◆ **About this exercise**
Write out, exactly and in full, the line where "The mother may" appears together with all lines that follow it in the entries below. Do not include pictures.

◆ **The input**
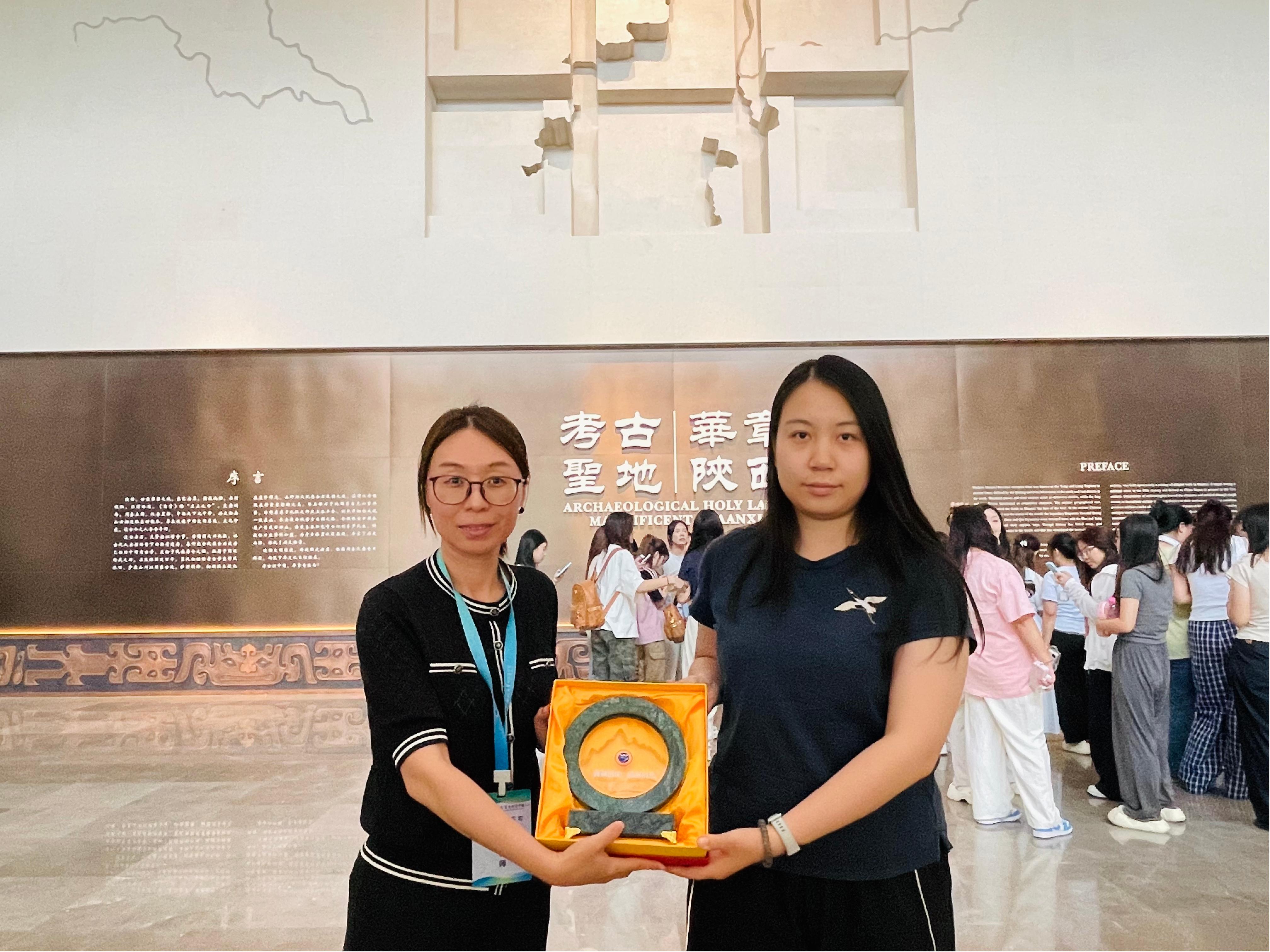 在讲解员闫韵竹的全程引导下,学生依次参观了文物展区与遗址保护大厅,系统了解了半坡文化的生产生活与社会组织。结束参观后,师生来到博物馆接待厅,同半坡博物馆师瑞玲主任、朱振华主任、闫韵竹讲解员一同研讨并进行文化外宣学习。师主任从自身经历出发,鼓励学生勇于追求机会,在实践中锻炼自我;朱主任鼓励学生来馆实习或担任志愿者,发挥MTI专业优势,在文遗外宣实践中体会当代年轻人讲好中国故事的使命;闫韵竹讲解员结合自身工作经验,指出英文讲解词并不是简单地将中文讲解词翻译为英文,而应当充分考虑中西不同的思维方式,将讲解词英译为适合讲解的短句。交流后,由何花代表学院向西安半坡博物馆赠送了纪念品。
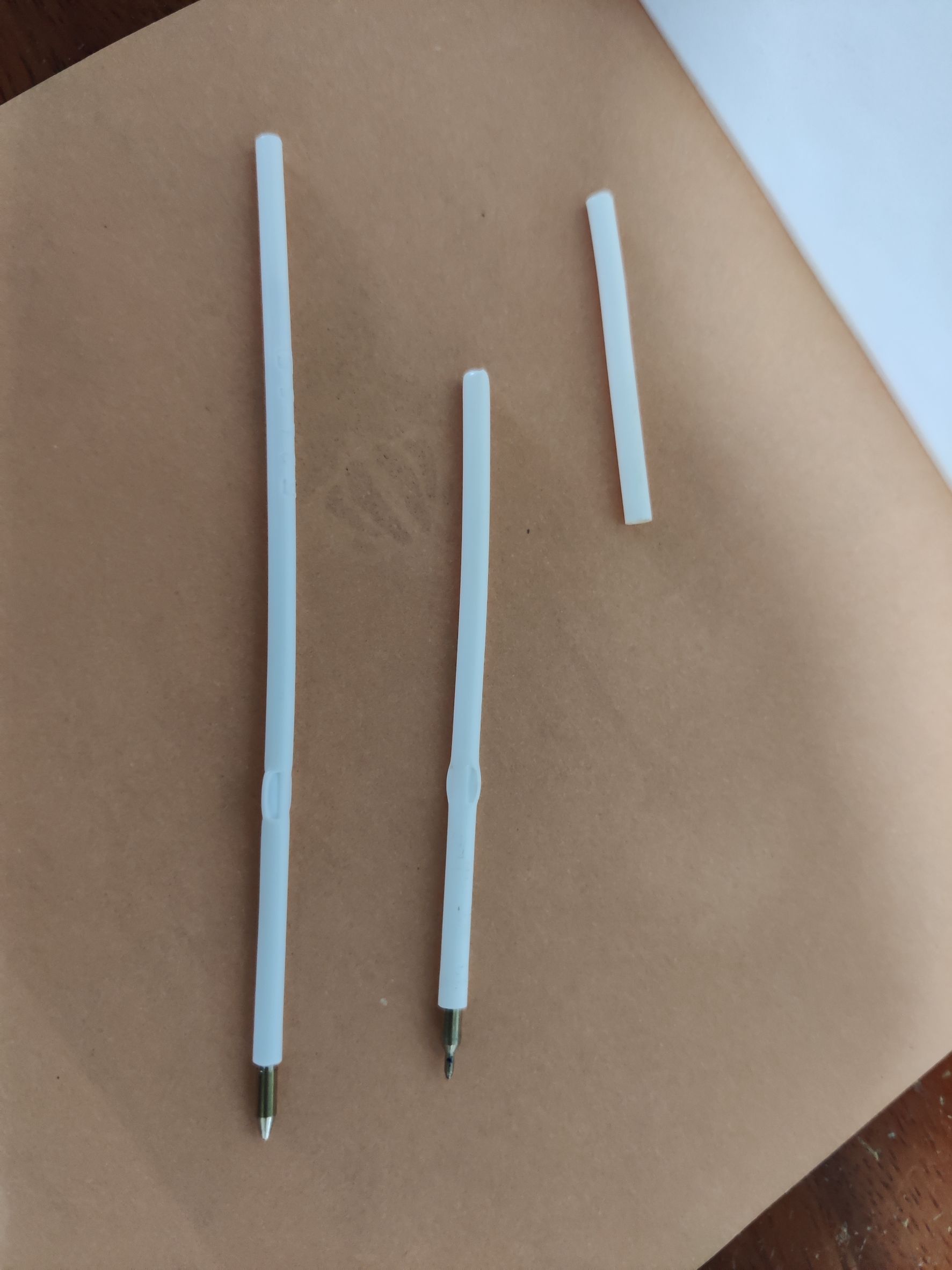 อะไรดีนะ…”ไส้ปากกา” (อันนี้ฉันเก็บไว้ ทำไมไม่รู้ -.-) ทากาวแปะ ๆ (ตัด 2 แท่ง 3 ส่วน ได้ 6 ชิ้น:
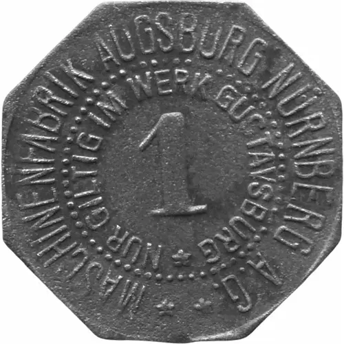 | Obverse lettering | MASCHINENFABRIK AUGSBURG-NÜRNBERG A.G. ❀ ❀ NUR GILTIG IM WERK GUSTAVSBURG ❀ 1 |
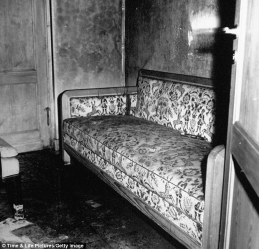 Chiếc ghế sofa còn vết máu và vết cháy dở trong căn hầm bí mật. Đây cũng là nơi trùm phát xít và tình nhân trẻ Eva Braun sống nhiều tháng trước khi quân đội Đức Quốc xã hoàn toàn thất bại.
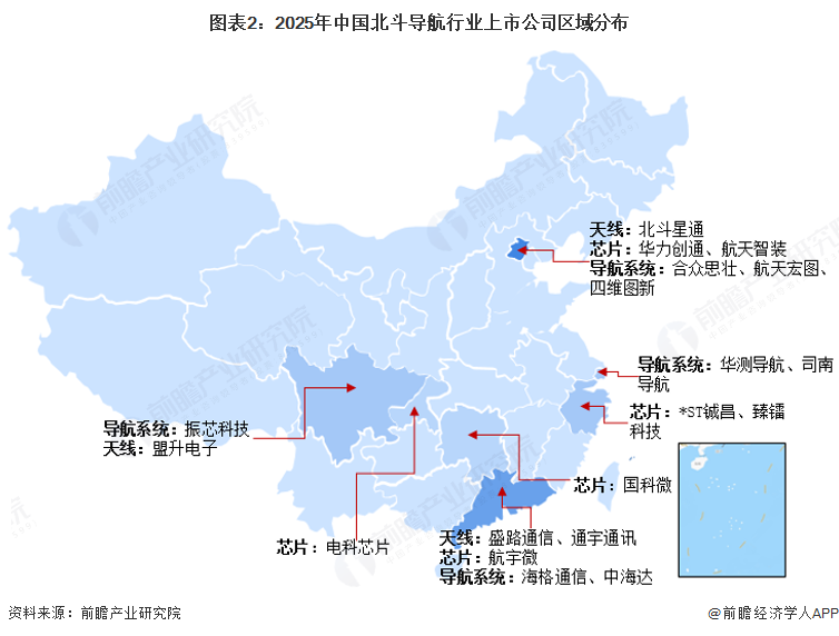 从北斗导航业务的营收规模看,2025年上半年,华测导航、合众思壮、通宇通讯北斗相关业务营收达到5亿元以上,领先于其他上市公司;从渠道布局看,中国北斗导航企业仍以国内市场为主。从布局的重点领域看,芯片、导航系统布局企业较多。
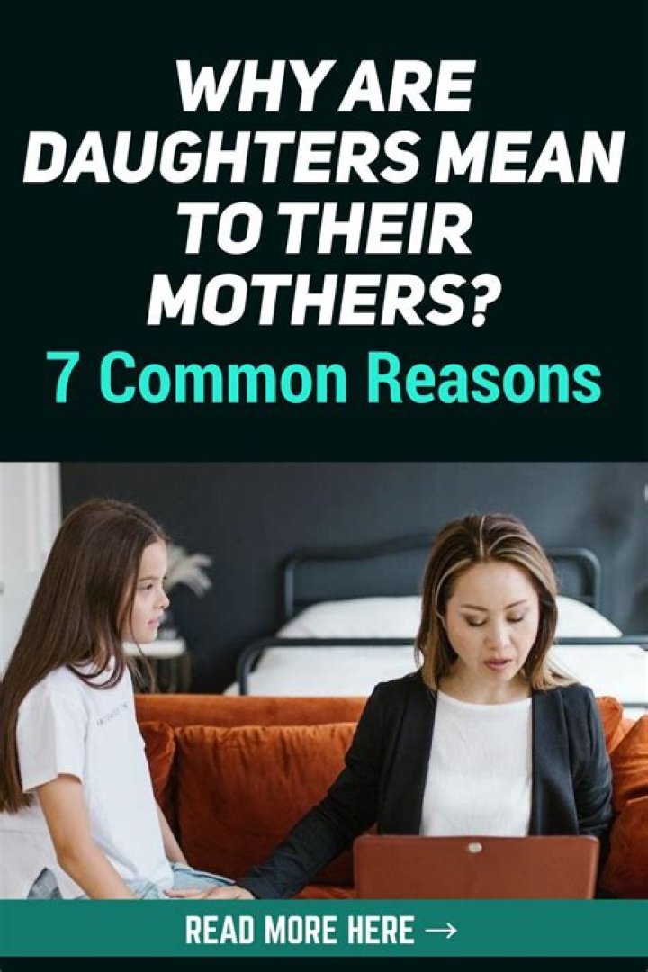 The mother may try to make the daughter feel guilty for being different and may consistently try to change her. This can lead the daughter to feel that they are often disappointing their mother and often trying to please without success. This can lead to arguments, resentment and overall an unhealthy relationship.How do you deal with a cruel mother?
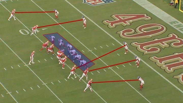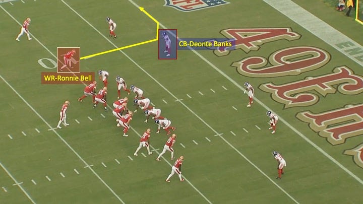 Against cover-0, quarterbacks don’t work through progressions. They pick their favorite matchup or route and make the throw to beat the coverage. Here, Purdy liked Ronnie Bell’s route from the slot against Deonte Banks:
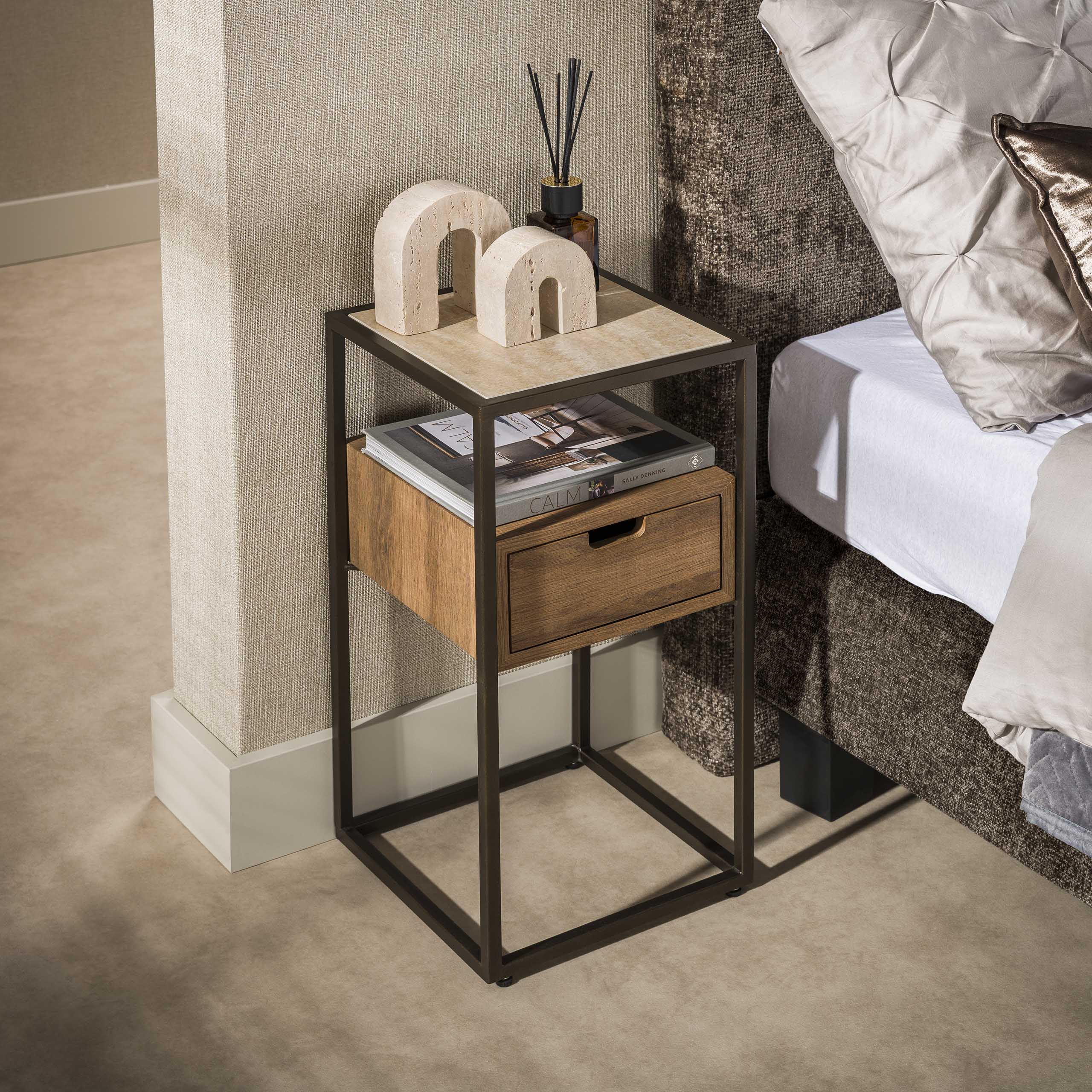 Nachtkastje Cassetto XS 1 lade / Keramiek travertin
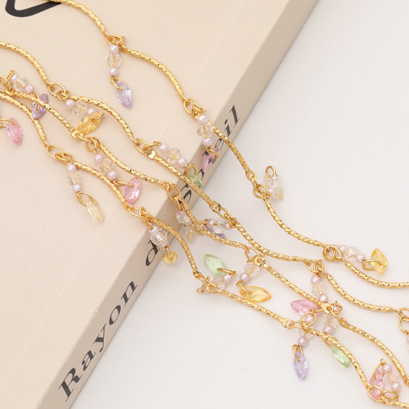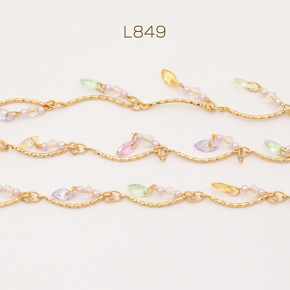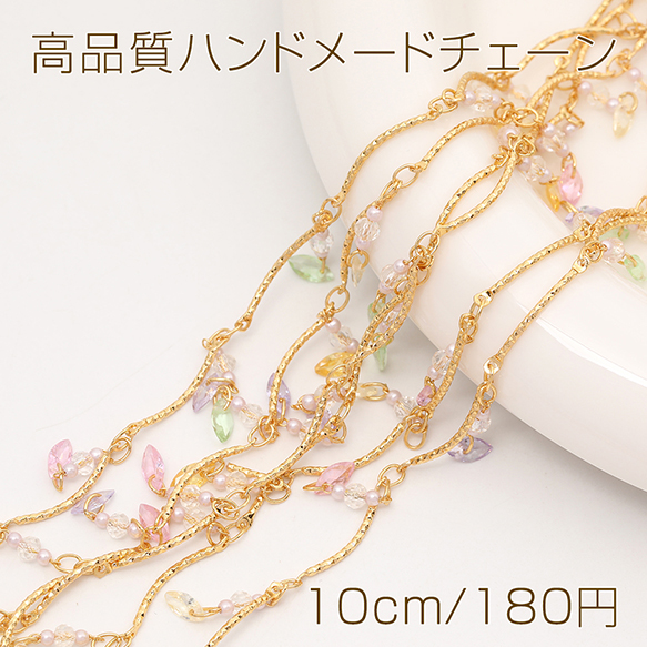 色褪せにくい14KGPゴールドメッキ 高品質ハンドメードチェーン ジルコニア付き(10cm)
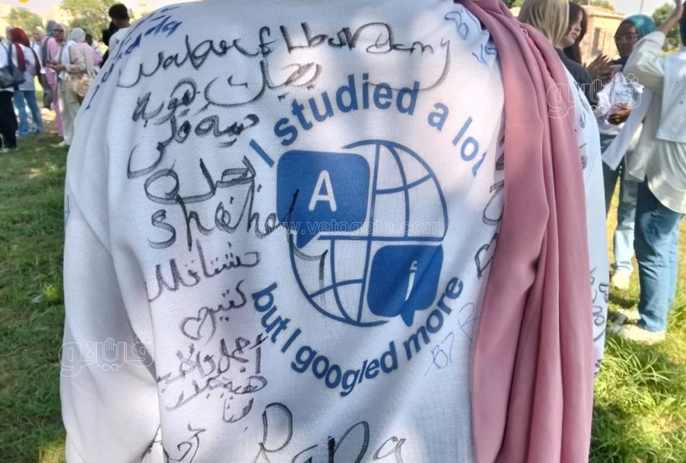 أما طلاب البرامج المميزة بكلية التجارة بـجامعة قناة السويس، فابتكروا طريقة جديدة للاحتفال برزت في ارتداء تيشرتات بيضاء والتوقيع عليها بأقلام ملونة لا يمكن محوها.
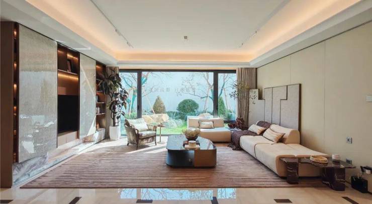 虽然此处并非交付标准,但样板间的这一做法极具参考价值。在实际装修时完全可以借鉴这种思路,将收纳需求与电视功能完美结合,打造既整洁又实用的客厅空间。

◆ **Exercise solution**
 The mother may try to make the daughter feel guilty for being different and may consistently try to change her. This can lead the daughter to feel that they are often disappointing their mother and often trying to please without success. This can lead to arguments, resentment and overall an unhealthy relationship.How do you deal with a cruel mother?
 Against cover-0, quarterbacks don’t work through progressions. They pick their favorite matchup or route and make the throw to beat the coverage. Here, Purdy liked Ronnie Bell’s route from the slot against Deonte Banks:
 Nachtkastje Cassetto XS 1 lade / Keramiek travertin
 色褪せにくい14KGPゴールドメッキ 高品質ハンドメードチェーン ジルコニア付き(10cm)
 أما طلاب البرامج المميزة بكلية التجارة بـجامعة قناة السويس، فابتكروا طريقة جديدة للاحتفال برزت في ارتداء تيشرتات بيضاء والتوقيع عليها بأقلام ملونة لا يمكن محوها.
 虽然此处并非交付标准,但样板间的这一做法极具参考价值。在实际装修时完全可以借鉴这种思路,将收纳需求与电视功能完美结合,打造既整洁又实用的客厅空间。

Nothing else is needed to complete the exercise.